[COLUMN] Begin the beguine with Vigan

WHEN, and not if, this blasted pandemic finally leaves without a trace, what are your plans?

Here’s a thought. How about playing tourist in your own native land?

Get out of the city and really look with fresh eyes at the countryside. Let it not be said that aliens and other strangers saw something worthwhile that we didn’t — right in our own backyard.

Those cavernous shopping malls, tiendecitas, tianggues and the stalls of Greenhills springing up like mushrooms, awash with gizmos, trinkets, doodads and brand name knock-offs for consumers to buy —we will always have with us—but certain places in the country deserve a long, hard look and a VISIT, before they fade away to oblivion.

Vigan is one of them. If you fit the bill of an expatriate who must cram the tourist experience into a 2 to 3 week time frame and there is only one chance for a local side trip, just one chance to do one mad dance before your Philippine trip is all over, begin the beguine with Vigan.

Vigan has first claim to being the best of the old remaining towns of our Philippine colonial past. It shows the eclectic blending of many cultures forged over hundreds of years. Vigan shows aspects we would never see just by reading a travel book or watching a video. Vigan shows aspects of our character, of who we are as a people.

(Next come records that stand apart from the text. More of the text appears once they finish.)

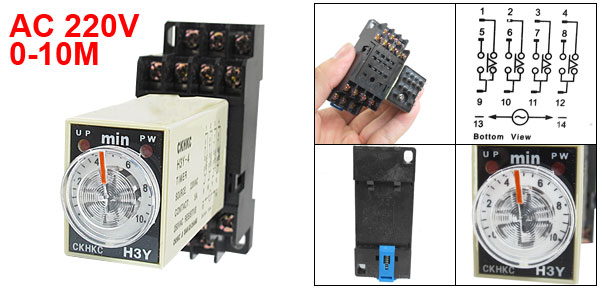 AC 220V H3Y-4 0-10 Minutes 10Min 4PDT 14 Pins Power on Time Delay Relay w Socket
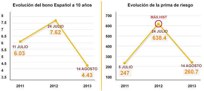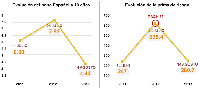 La aversión al riesgo por parte de los inversores extranjeros continúa bajando. Así, el diferencial entre la deuda española y la alemana ha marcado este miércoles mínimos de hace dos años. Hay que recordar que en ese escenario de hace dos años la sombra del rescate acechaban a las finanzas de dos países, España e Italia. Fue precisamente en agosto de 2011 cuando la tensión llevó al entonces presidente del Banco Central Europeo, Jean Claude Trichet, a anunciar la compra de deuda española para aliviar las tensiones del mercado. Ese 'parche' duró apenas unos meses y la prima de riesgo volvió a inflarse hasta tocar su máximo histórico el 24 de julio de 2012. La prima de riesgo llegó entonces hasta los 638 puntos básicos.
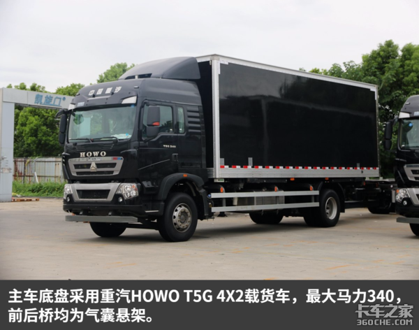 主车底盘采用的是重汽T5G 340马力 4×2载货车,全车气囊,配10档变速箱,后桥速比4.63,轮胎型号为295/80 R22.5。
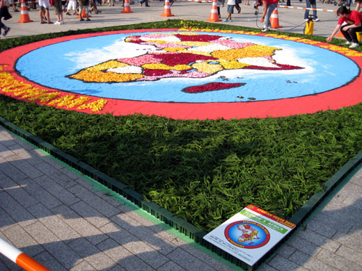 横浜赤レンガ倉庫イベント広場で、アフリカン・フェスタ2010が開催され、21万人もの来場客で賑わいました。 ケニアから輸入した3,000本のバラの花びらと弊社カラーサンドを使用して、直径7mのアフリカ大陸の地図を来場者の皆様と創作致しました。 |
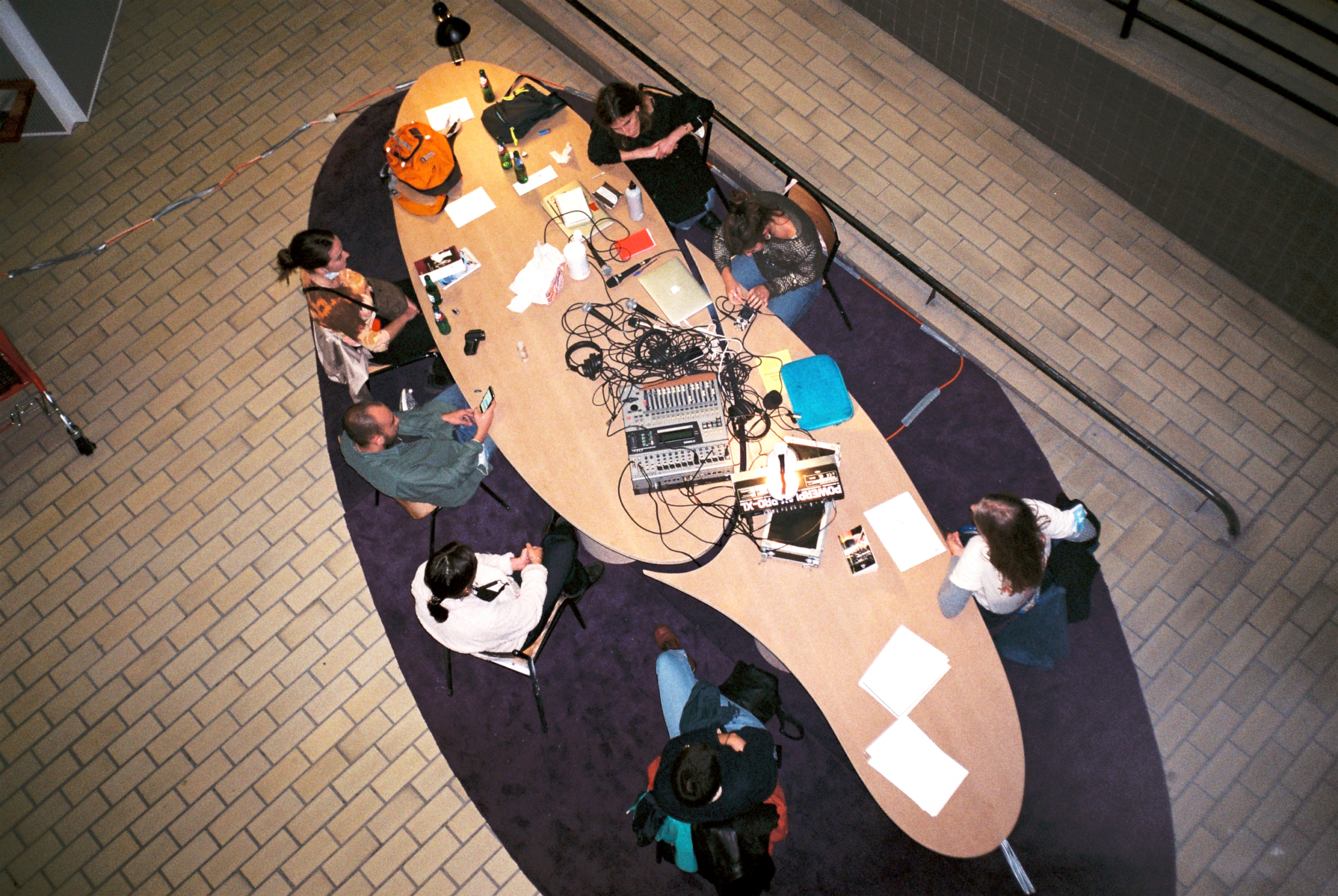 J’ai mis en place une programmation, sur toute la semaine des diplômes. Dans le hall de l’école, j’ai installé une grande table en bois, avec des micros et du matériel son, un peu comme un dispositif radio. Tous les soirs à 18h, pendant une semaine, j’invitais des gens à discuter, ou faire des lectures à cet endroit. C’était enregistré et diffusé dans toute l’école. Les discussions portaient sur des questions d’économie, de féminisme ou de condition étudiante. C’était un dispositif pour rassembler la parole et la faire résonner dans l’espace.
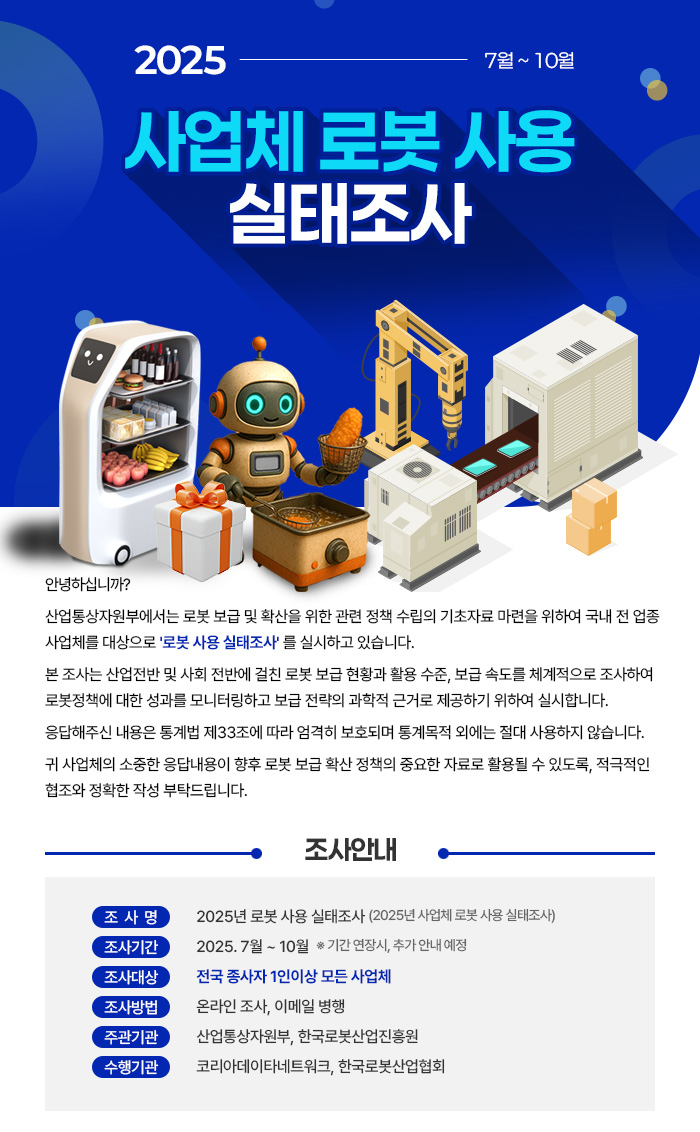 (광고)[한국로봇산업협회] 산업부, 로봇 100만대 보급·확산을 위한 사용 실태조사 안내 (답례품 지급)
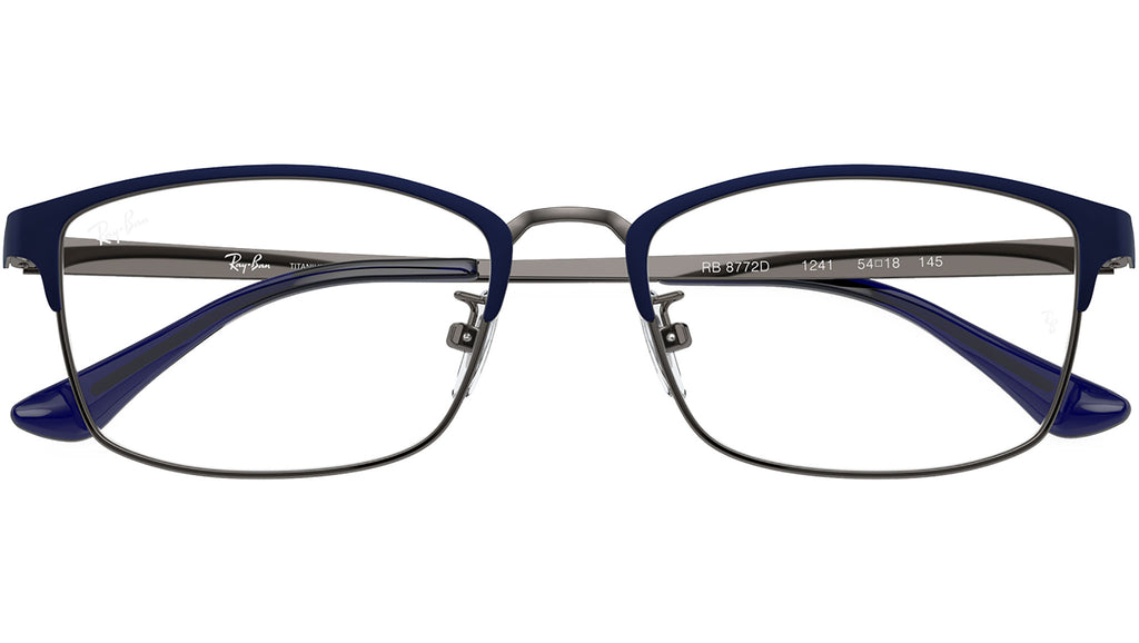 Occhiali da vista Ray-Ban RB8772D Optics RB8772D 1241 unisex con montatura d-frame in titanio blu scuro su canna di fucile e lenti demo. Vestibilità a ponte basso. Linea: Performance. Codice modello: 0RX8772D. Codice colore: 1241. Rivenditore autorizzato Ray-Ban online. Gli occhiali vengono consegnati con custodia e accessori originali e sono coperti dalla garanzia ufficiale di 12 mesi del produttore.
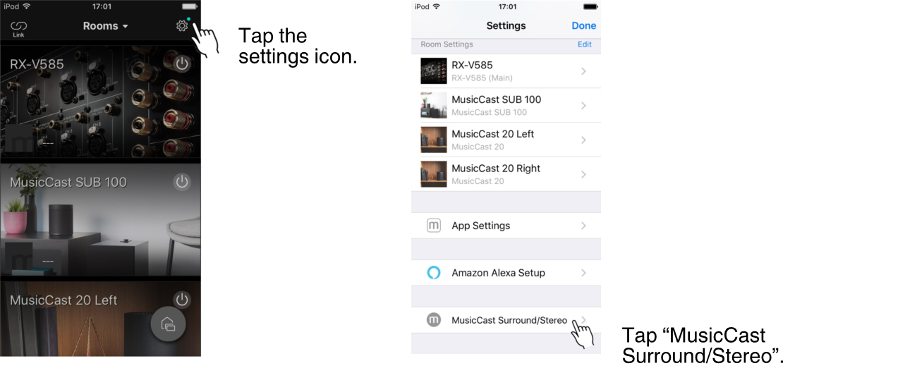 - Follow the app’s on-screen instructions to complete setup of the MusicCast Surround function.
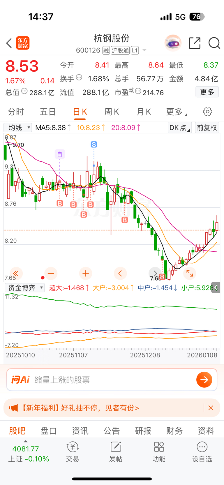 $杭钢股份(SH600126)$ 拿也不是,跑也不是。慢慢等吧
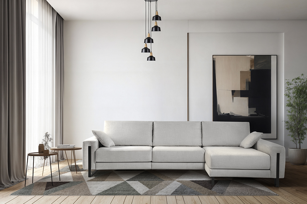 Con una estructura robusta y patas de diseño contemporáneo, Leya se adapta perfectamente a espacios sofisticados y luminosos. Su tapizado suave y los cojines cuidadosamente elaborados ofrecen una experiencia de descanso única, ideal para relajarte después de un día agitado.

VIGAN TEACHES US.

For the longest time, I have always wanted to go North of Manila and visit Vigan in the Ilocos province, struck by the memory of an image I’ve seen in some tattered travel poster years back.

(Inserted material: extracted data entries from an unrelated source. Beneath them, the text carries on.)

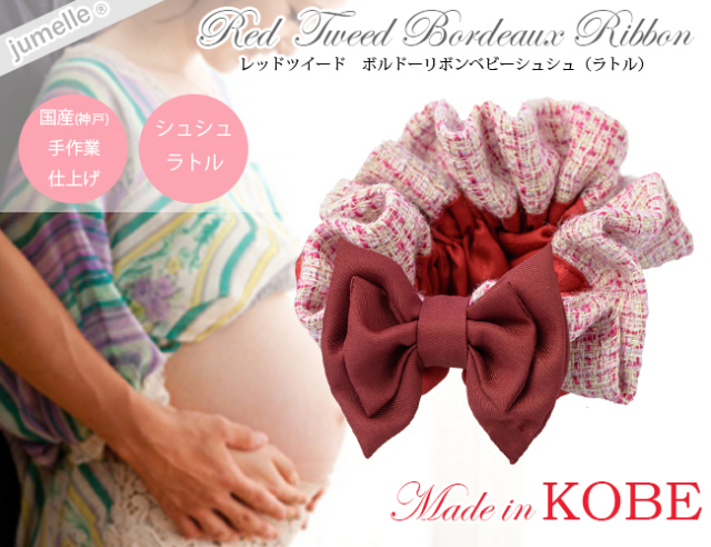 親子お揃いシュシュ(ペアヘアアクセサリー)専門店ジュメルツイードレッドボルドーリボンベビーラトル【出産祝い/誕生日/記念】メイン
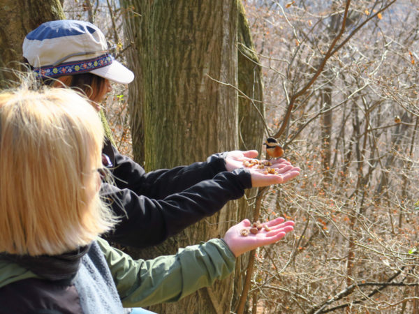 水沢山(お休み石)といえば、ヤマガラやシジュウカラなどの野鳥への餌やりが有名だ。
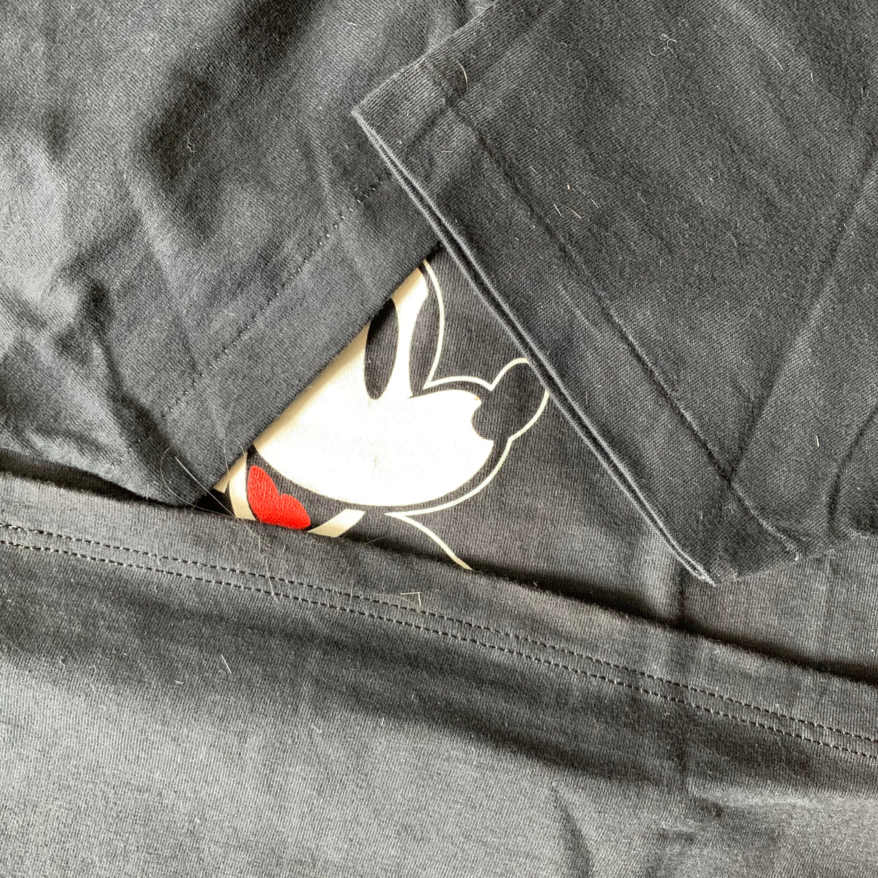 ディズニーランドの土産物でとして売られていたTシャツとしては80−90年代にかけて流通していたのがこのボディ。このしっかりとしたコットンの生地、このブラックが良いんです。
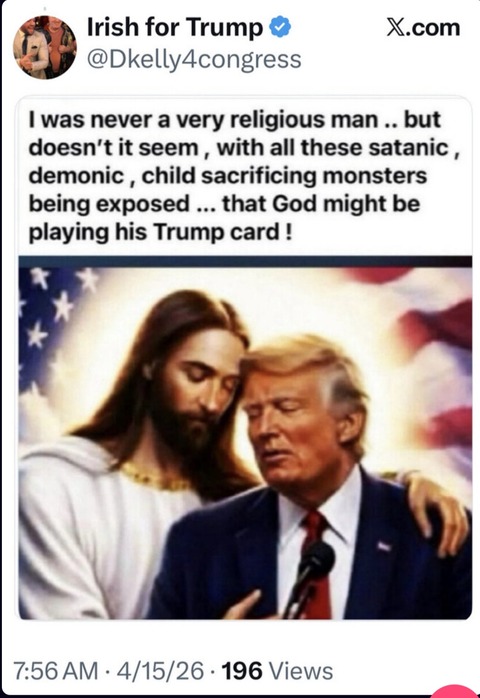 1 名前:少考さん ★:2026/04/16(木) 07:29:35.24 ID:rszCV8ru9.net 今度はキリストと並ぶ画像 トランプ氏「とても良い」 | NEWSjp -共同通信 Published 2026/04/16 06:33:50 【ワシントン共同】トランプ米大統領は15日、イエス・キリストと見られる人物と寄り添う画像を交流サイト(SNS)に投稿し「過激な左派は気に入らないかもしれないが、私はとても良いと思う」と書き込んだ。 (中略) トランプ氏が新たに載せた画像は、他人のX(旧ツイッター)の投稿を引用したもの。マイクの前に立つトランプ氏をキリストが斜め後方から抱き、目をつぶって額を合わせる様子で、背景には星条旗が描かれている。 トランプ氏は最近、イラン攻撃に批判的なローマ教皇レオ14世と対立した。 ※全文はソースで https://news.jp/i/1417262334263672855 ※画像 ※関連スレ トランプ氏、キリスト姿の画像を投稿 保守派から批判相次ぎ削除 ★2 [少考さん★] https://asahi.5ch.io/test/read.cgi/newsplus/1776142868/ トランプ大統領、ローマ教皇に謝罪拒否 「彼が間違っている」発言で対立激化 ★2 [ぐれ★] https://asahi.5ch.io/test/read.cgi/newsplus/1776152162/
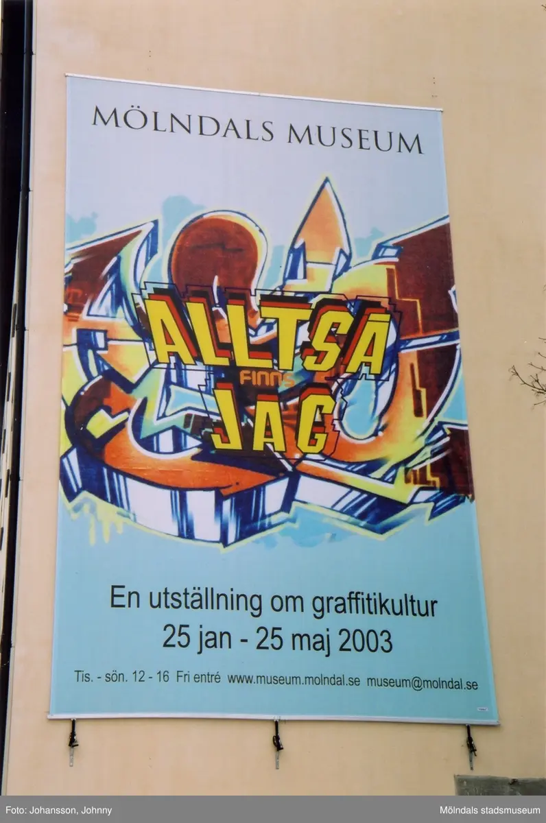 "Alltså finns jag". En utställning om graffitikultur som pågick 25 januari - 25 maj 2003 på Mölndals Museum (senare Mölndals stadsmuseum). Produktionen var ett samarbete mellan Mölndals Museum, Vitlycke museum, Bohusläns museum, Västergötlands museum och Konstkonsulenterna i Västra Götalandsregionen. Relaterade motiv: 2007_0198 - 0219.

Here is Philippine history you can actually touch, a narrow, colonial street you can actually walk on or keep your ears peeled to listen at sundown to the soothing clip clop of horse-drawn calesas for hire to tourists at 150 Php/hour mixed with the annoyingly grating sound of the ubiquitous tricycles. The authentic remnants of Spanish architecture on Calle Crisologo, a short strip of narrow, cobblestone road, allow us to get a glimpse of what life must have been like several hundred years ago.

If you have any clairvoyant bone in your body, you can even sense the presence of curious, benign ghosts of ages past in the ancestral homes, mingling and jostling with the tourists eying strangers curiously wondering about us just as we wonder about them.

At the nice, neat bed and breakfast inn we stayed in called Grandpa’s Inn, named for the doctor who owned it sometime ago, I could swear there is a quietly hovering presence in one part of the upstairs open area, faintly caught on camera, mysterious and otherworldly, making the small hairs on the back of my neck stand on end. If it were not for the bagnet, the daing and the longganisa they were serving for breakfast and the quaint calesa bed, the pleasant people at the reception desk and the efficiently working air conditioning in the Kalesa Room we were billeted in, I would have bolted for other accommodations.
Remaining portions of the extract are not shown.